Indeed, the evidence for petitioner does not show that Manuel Ong was sterile and could not have begotten private respondents or that even if he was so during the war that he could not have been cured ten years later of that condition when Alfredo Ong, Jr. was conceived. On the other hand, as this Court has ruled[12] an adult male is presumed to have normal powers of virility and the burden of evidence to prove the contrary rests upon him who claims otherwise. Petitioner has not overcome this presumption.
The Court of Appeals declared private respondents the illegitimate children of Manuel Ong pursuant to Art. 283, pars. 2, 3 and 4. In regard to the finding that private respondents had been in the continuous possession of status as children of Manuel Ong, petitioner cites the ruling in De Jesus vs. Syquia,[13] wherein it was stated:
Petitioner also contends that the refusal of Manuel Ong to recognize and give support to private respondents is proof that he never recognized them as his children because, as held in Mendoza vs. Ibañez:[14]
We agree that this case does not fall under pars. 2 and 3 of Art. 283 of the Civil Code. As petitioner well states, the four times during which Manuel Ong met Alfredo and gave the latter money cannot be considered proof of continuous possession of the status of a child. The father's conduct toward his son must be spontaneous and uninterrupted for this ground to exist. Here there are no acts shown of Manuel Ong treating Alfredo Ong, Jr. as his son except on the four occasions during which they met. In the case of Robert Caballes, there is no proof at all that Manuel Ong treated him as his son.
Nor can it be said that there was proof of cohabitation in this case. While Saturnina Caballes testified that she and Manuel Ong lived together for four months as husband and wife in order to justify a finding of cohabitation, the relationship was not open and public so as to constitute cohabitation.[16] While the parties are not required to hold themselves out as husband and wife, neither must they act clandestinely or secretly, otherwise they will be considered to have merely engaged in illicit sexual intercourse.[17]
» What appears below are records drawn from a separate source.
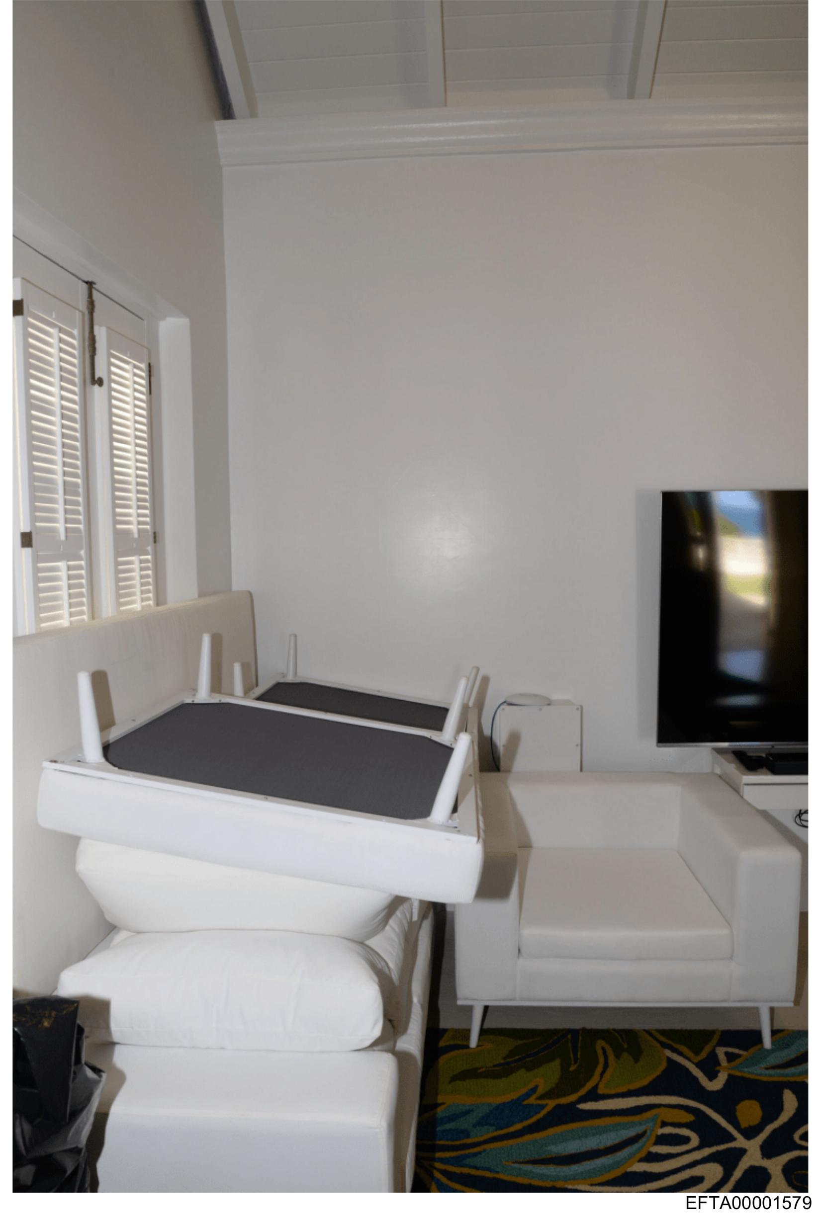 The image displays a room with two mattresses on the floor, one larger and one smaller, both placed against a wall under an air conditioning unit. A television is mounted on the same wall above the smaller mattress. In front of the wall, there's a white sofa facing away from the camera, towards the larger mattress. To the left, partially visible, appears to be a piece of furniture or equipment with vertical bars and a door, possibly part of an exercise machine or a room divider. The floor is covered with carpet featuring a pattern that includes shades of blue, yellow, and green. There are no visible texts, people, or other locations that can be confidently identified from the image.
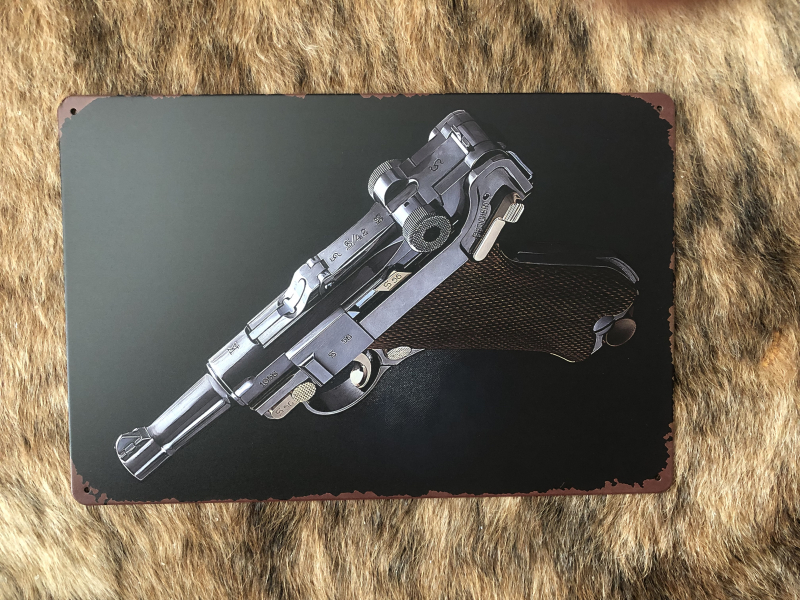 Schild Photo Pistole 08,Blech, sehr stilvoll ,ideal für Ihre Sammlung, Jagdhütte oder Schützenheim o.ä. 20 x 30 cm , sehr dekorativ , Versand per Hermes, EU-Bürger bitte Versandkosten vorher abfragen oder bei Hermes DE prüfen
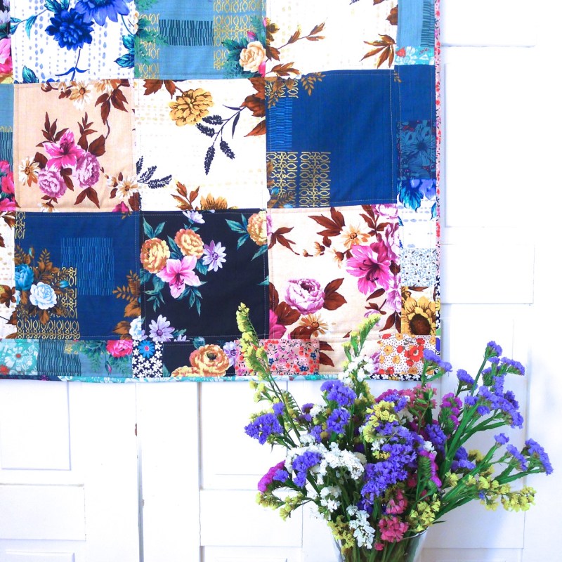 cortei os tecidos em grandes quadrados limitei-me a juntá-los uns aos outros, tentando distribuir da melhor forma o equilíbrio de cores e padrões.
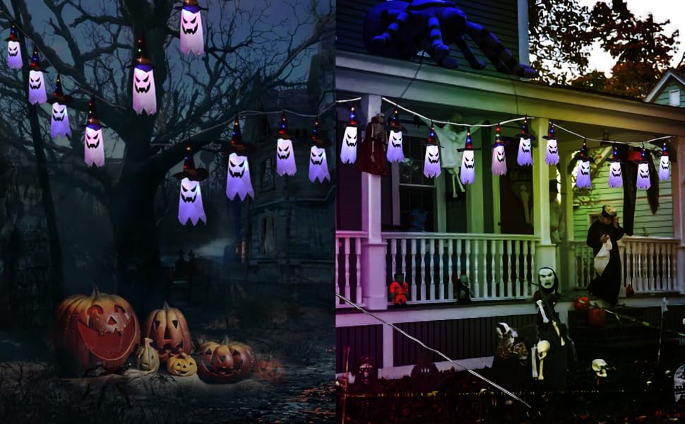 There are ghost faces are printed on both sides of this Halloween outdoor decoration, so you can stretch out the witch hat to make it become more three-dimensional. Then carefully pull the light string down a little, the ghost and the light will be perfectly combined. It will light you garden and attract your cute neighbors.
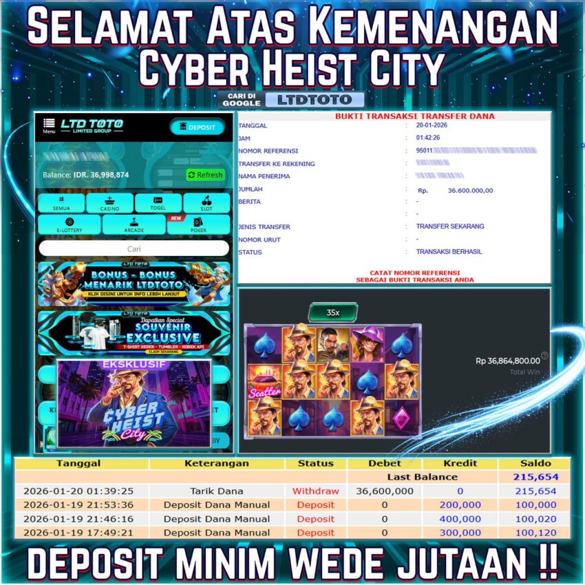 LTDTOTO JACKPOT CYBER HEIST CITY RP 36.600.000 SELASA 20 JANUARI 2026
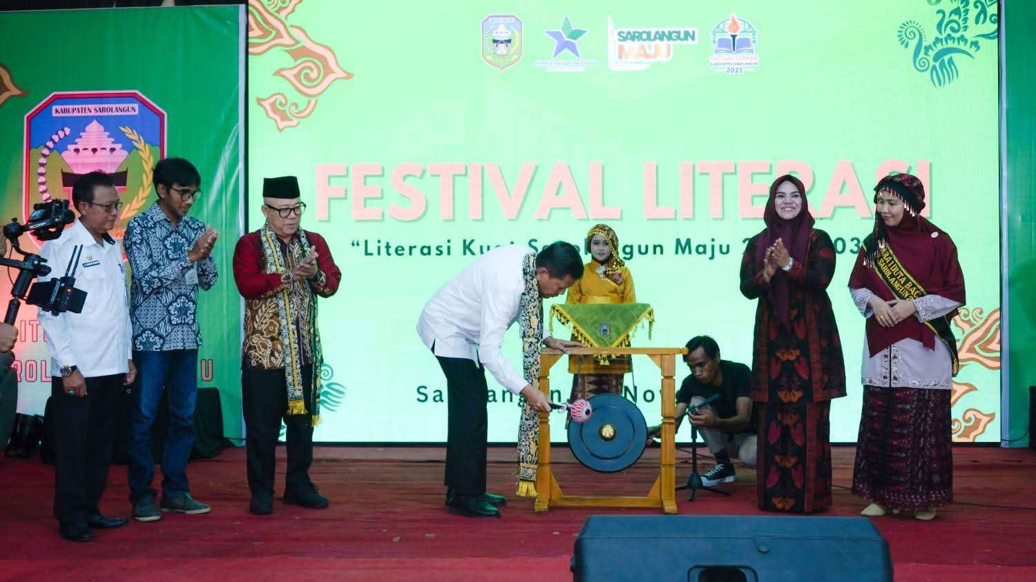 ” Dengan mengucapkan Bismillahirrahmanirrahim kegiatan Festival literasi Kabupaten Sarolangun Tahun 2025 secara resmi saya nyatakan dibuka,” katanya.
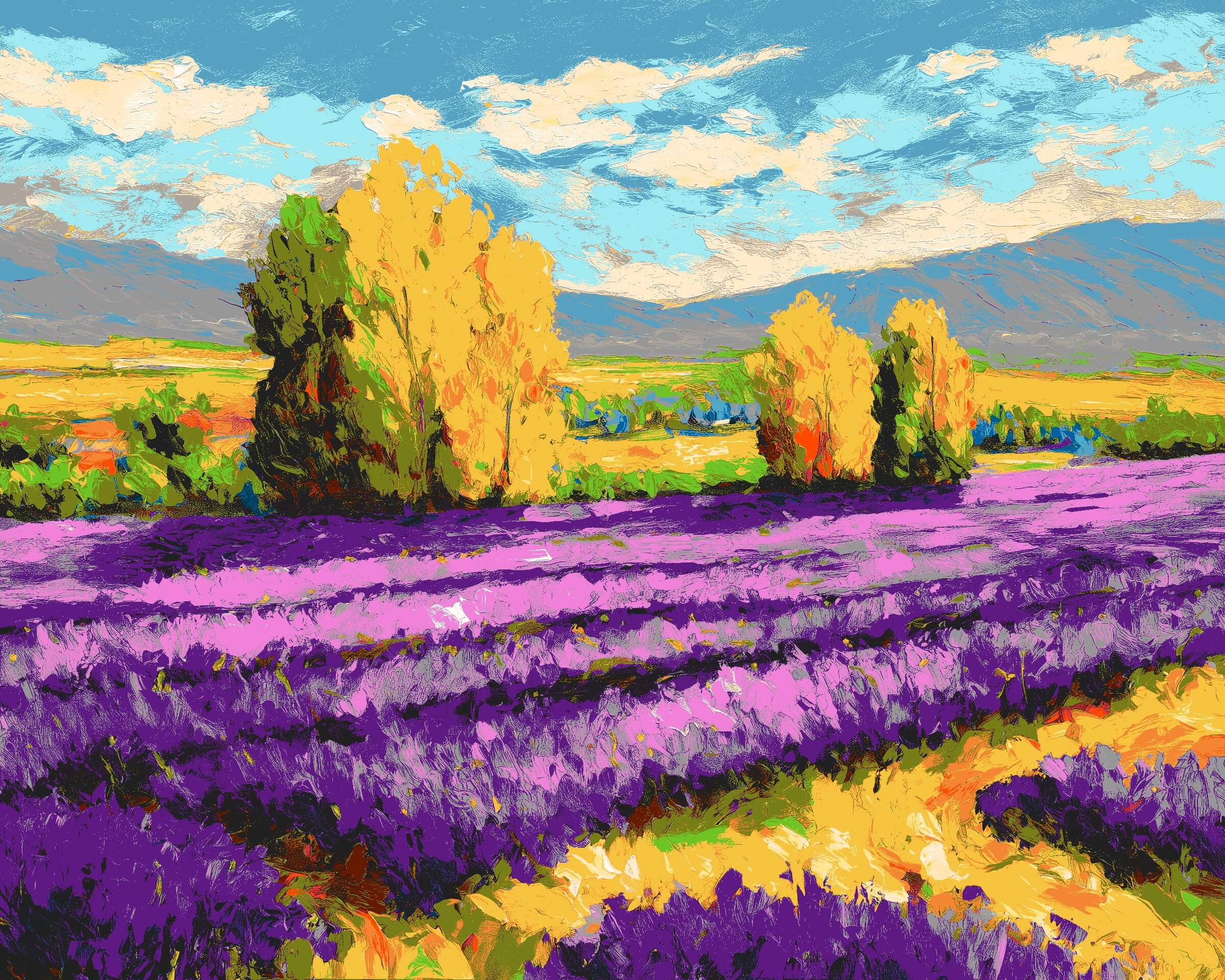 Grind to Zahlen Blumen Lavendelfeld vor Dorf
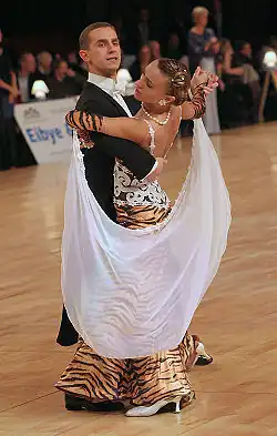 - Otevřená otáčka vlevo, partnerka mimo, otevřené zakončení (Open Reverse Turn, Partner Outside, Open Finish)
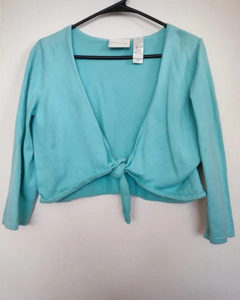 Suéter corto aqua. Descripción:Hermoso suéter tipo torero (corto) color verde agua, en la parte de adelante tiene tiras para justarlo al cuerpo o solo hacerle un nudito y usarlo cerrado o abierto.Talla G pero queda super cómodo a M también
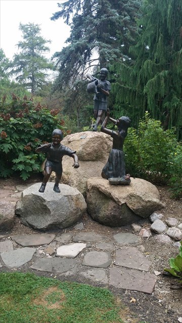 The Children's Sculpture Garden, established 1999, is a colorful yet peaceful setting for Amber, Adam, and Cole: Grammy's Flower Children by Ted McElhiney. There is also a giant Praying Mantis nearby, a sculpture donated by Dick Southwick.

Nonetheless, we hold that the evidence in this case sufficiently makes this case fall under the last paragraph of Art. 283, i.e., any other evidence showing that Manuel Ong was the father of private respondents. In Ilano vs. Court of Appeals,[18] this Court held that the phrase "any evidence or proof" in the last paragraph of Art. 283 operates as a blanket provision covering all cases in the preceding ones, so that evidence, even though insufficient to constitute proof under the other paragraphs, may nonetheless be enough to qualify the case under par. 4. In this case, the testimony of Saturnina Caballes that she had illicit sexual relation with Manuel Ong over a long period (1954-1957) which, had it been openly done, would have constituted cohabitation under par. 3 is proof that private respondents were conceived and born during such relationship and constitutes evidence of Ong's paternity. This relationship was further established through the testimony of Constancia Lim. The evidence for private respondents is not negated by the admission of Saturnina Caballes that she had relation with another man before, because the relationship terminated at least a year before the birth of Alfredo Ong, Jr. and two years before the birth of the second child Robert Caballes.
WHEREFORE, the decision of the Court of Appeals, dated January 26, 1990, and its resolution, dated August 16, 1990, are AFFIRMED.
SO ORDERED.
Regalado, (Chairman), Romero, Puno, and Torres, Jr., JJ., concur.
[1] Rollo, p. 43.
[2] Per Justice Jose C. Campos, Jr. and concurred in by Justices Oscar M. Herrera and Fernando A. Santiago.
[3] Exhibits L and M.
[4] 15 SCRA 114 (1965).
[5] Id. at 116.
[6] People vs. Valencia, 214 SCRA 88, 96-97 (1992).
[7] Ayco vs. Fernandez, 195 SCRA 328, 333 (1991).
[8] People vs. Puloc, 202 SCRA 179, 190 (1991).
[9] Exhibits B and B-1, Pre-trial records.
[10] Exhs. A-1 and A-2.1
[11] TSN, pp. 197-199, September 26, 1985.
[12] People v. Fontanilla, 23 SCRA 1227, 1245 (1968); Menciano v. Neri San Jose, 89 Phil. 63 (1951).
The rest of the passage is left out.